Polls can be single-choice or multi-choice, can inherit page access, and can grant direct view, vote, or edit permissions to users and teams. Editors can close polls manually and inspect voter breakdowns when poll permissions allow it.

Diagrams

Architecture Standards pages support both Mermaid and editable Draw.io diagrams. Use Mermaid for lightweight diagrams that should stay close to the Markdown source:

Use Draw.io diagrams when the diagram needs richer visual editing. Attach or insert the Draw.io diagram from the document editor, then keep the surrounding text clear enough that reviewers can understand the decision without opening the diagram editor.

Standards Artifacts

Architecture Standards can generate configuration artifacts from published standards:

  • Deterministic artifacts come from standard_artifact blocks embedded in a standards page.
  • AI previews draft artifacts from standard_item blocks and page context.
  • Deterministic validation checks run before users apply AI proposals.
  • Applied artifacts are stored as page attachments and can also be written to a managed standards artifact repository.
  • Rollout preview and apply actions compare managed artifacts against selected repositories and can create provider merge requests.

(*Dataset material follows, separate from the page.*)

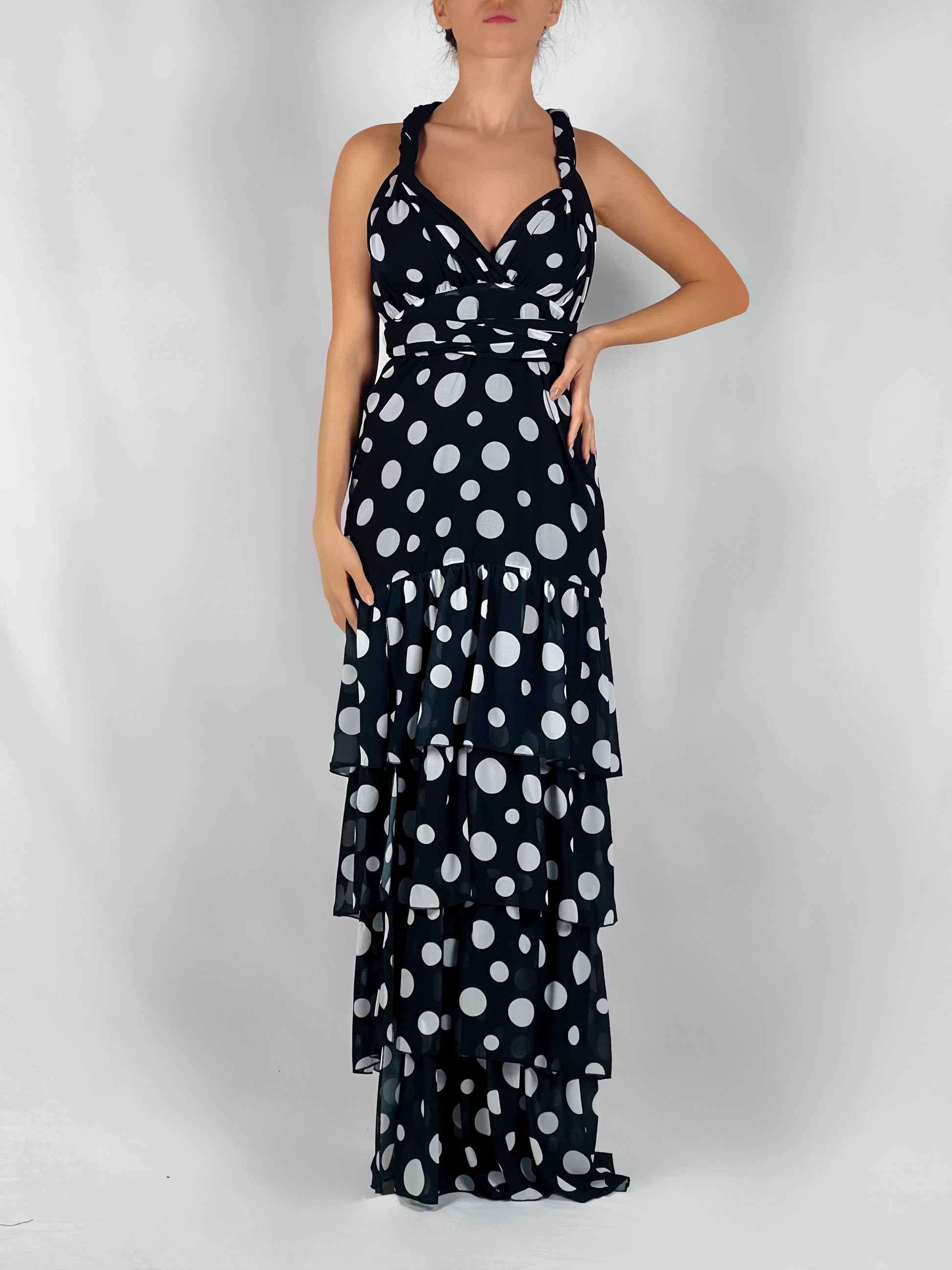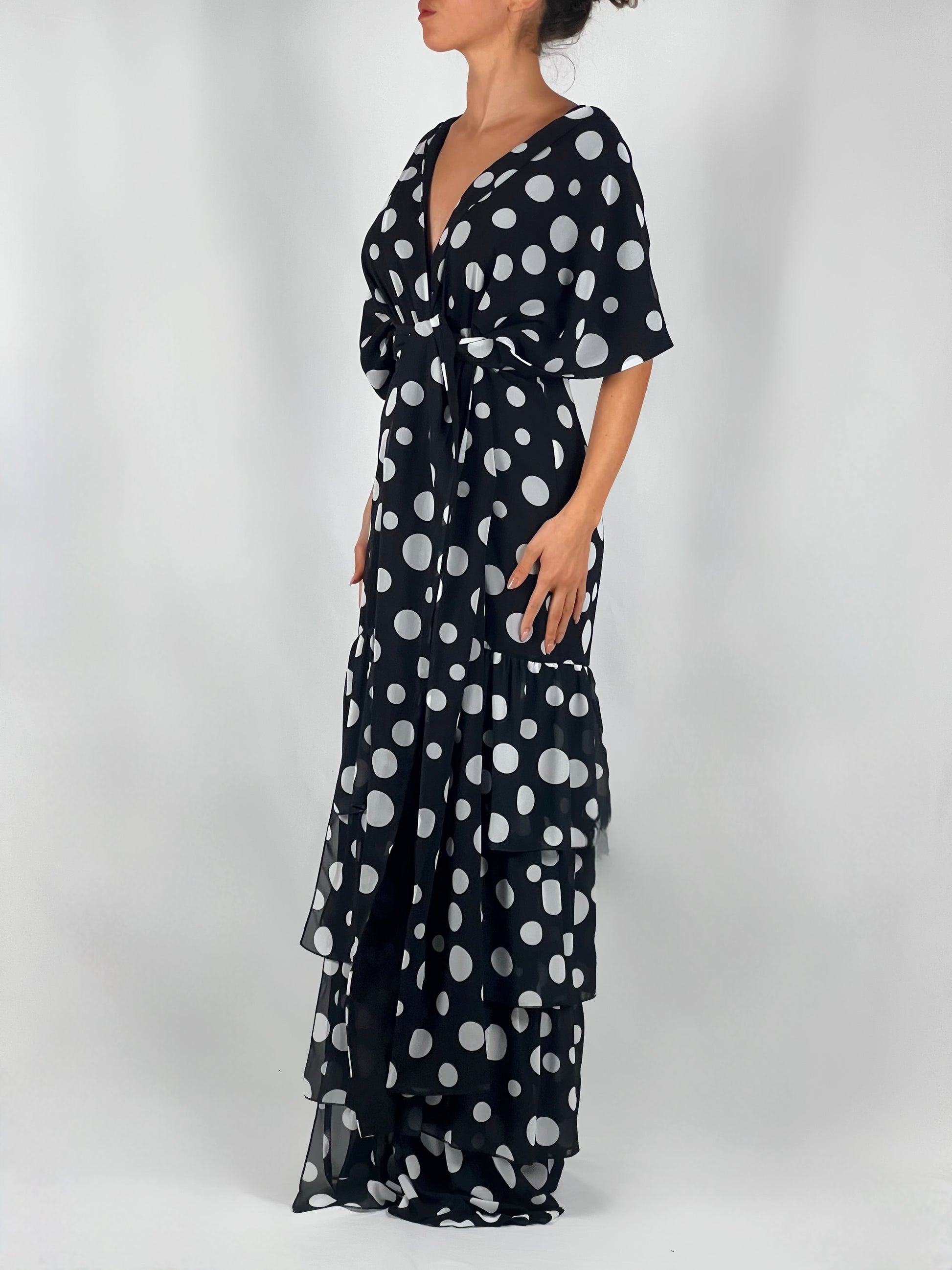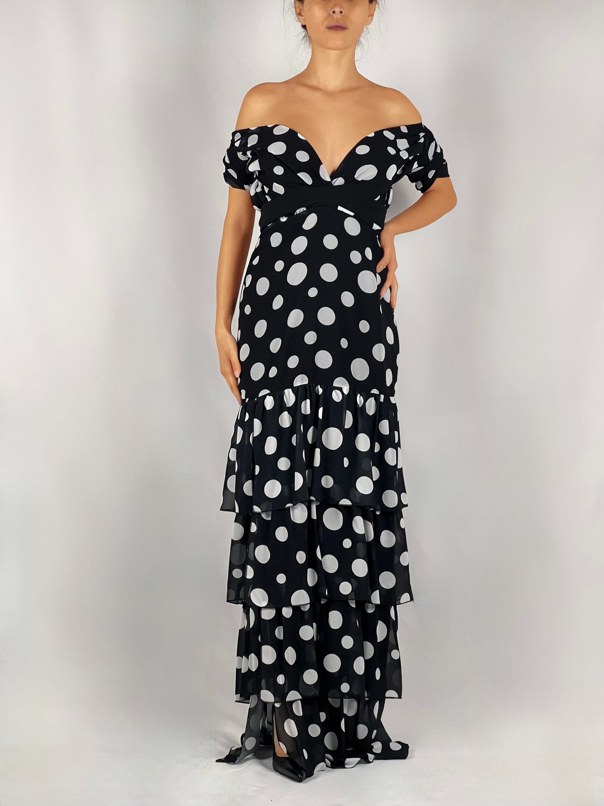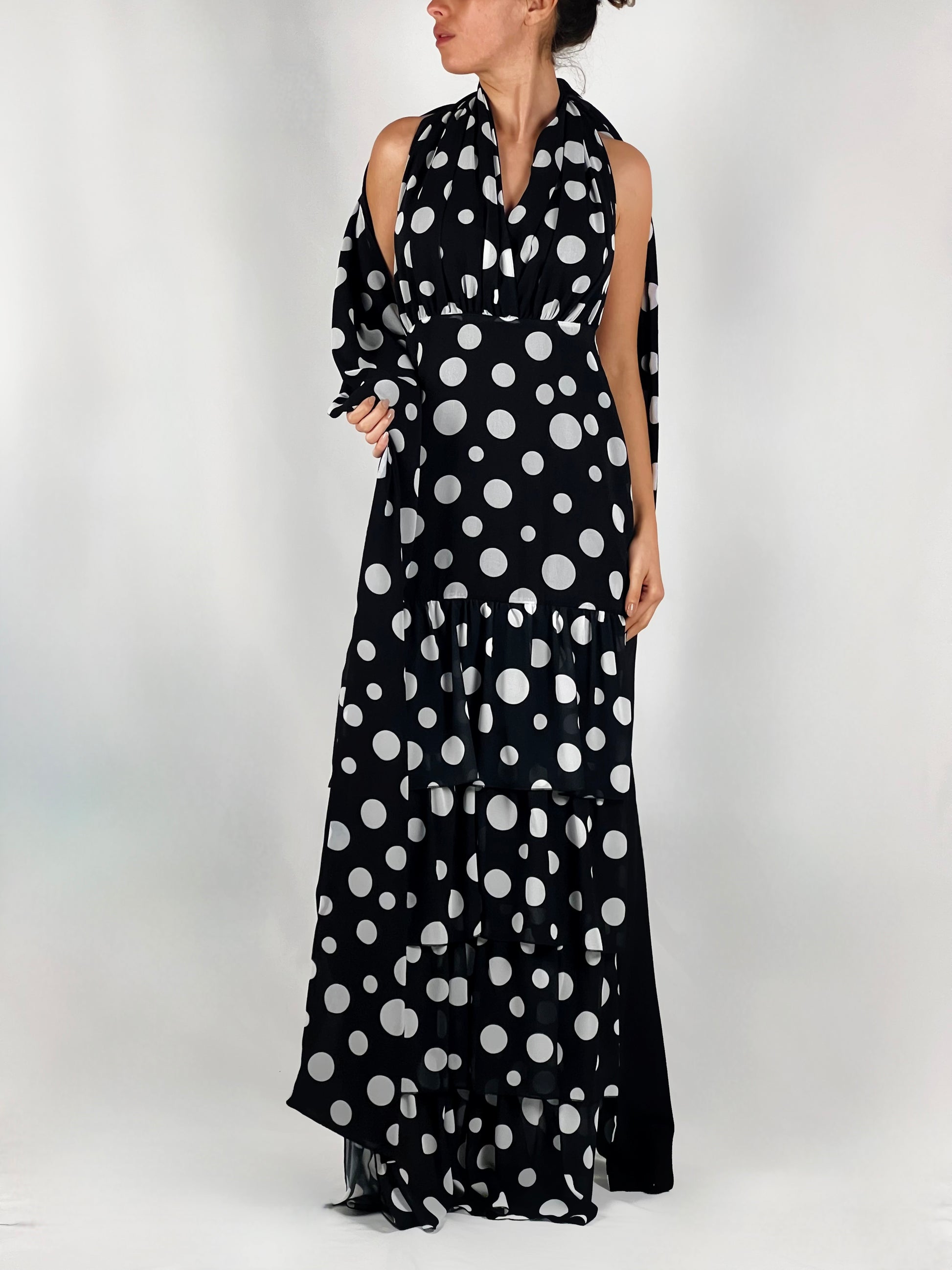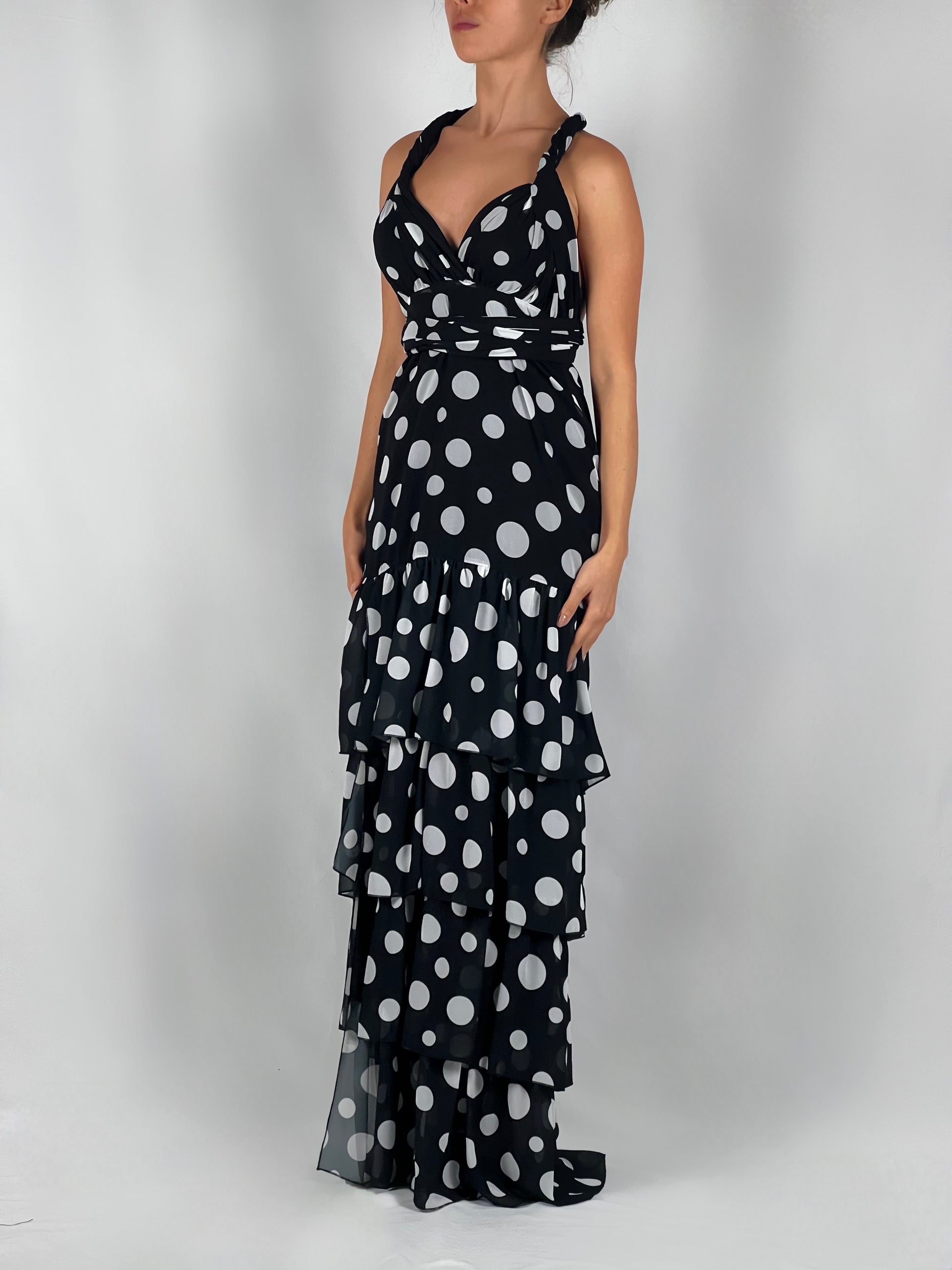Il velato tessuto nero, arricchito da tocchi bianchi, conferisce una raffinata aura di mistero e sofisticazione.

Review generated artifacts before applying them, especially when they affect linting, pre-commit, CI/CD, repository policy, deployment, or security files.

Git and Repository Rollout

Qarion does not need to replace your operational Git provider. Existing GitHub, GitLab, Bitbucket, Azure DevOps, or other deployment repositories can remain the source for builds and releases.

Use the managed standards artifact repository as a governance and review surface:

  1. Generate or preview artifacts from a standards page.
  2. Review the proposed files and validation checks.
  3. Preview the managed repository diff.
  4. Roll out selected artifacts to target repositories.
  5. Review and merge provider merge requests when supported.

This keeps architecture governance linked to source standards while still working with the delivery process your engineering teams already use.

Exceptions

When a repository, component, path, or asset cannot comply with a standards item, file an exception from the standards inventory. Exceptions capture:

  • Scope, such as paths, assets, or components.
  • Reason and business justification.
  • Optional expiry date.
  • Review decision and reviewer notes.
  • Source page and revision metadata.

Exception statuses are pending, approved, rejected, cancelled, revoked, and expired. Active exceptions remain linked to the standard item and are marked stale if the source standard revision changes.

  1. Draft an RFC when the team needs discussion before changing architecture or delivery practice.
  2. Add diagrams, examples, and poll voting rules when they help reviewers decide.
  3. Publish an ADR when the decision is accepted.
  4. Update or create the Standard with one or more standard_item blocks.
  5. Preview AI or deterministic artifacts from the standard.
  6. Review validation checks and save only the artifacts you want.
  7. Preview repository diffs and roll out through merge requests.
  8. File exceptions for scoped non-compliance and review them before expiry.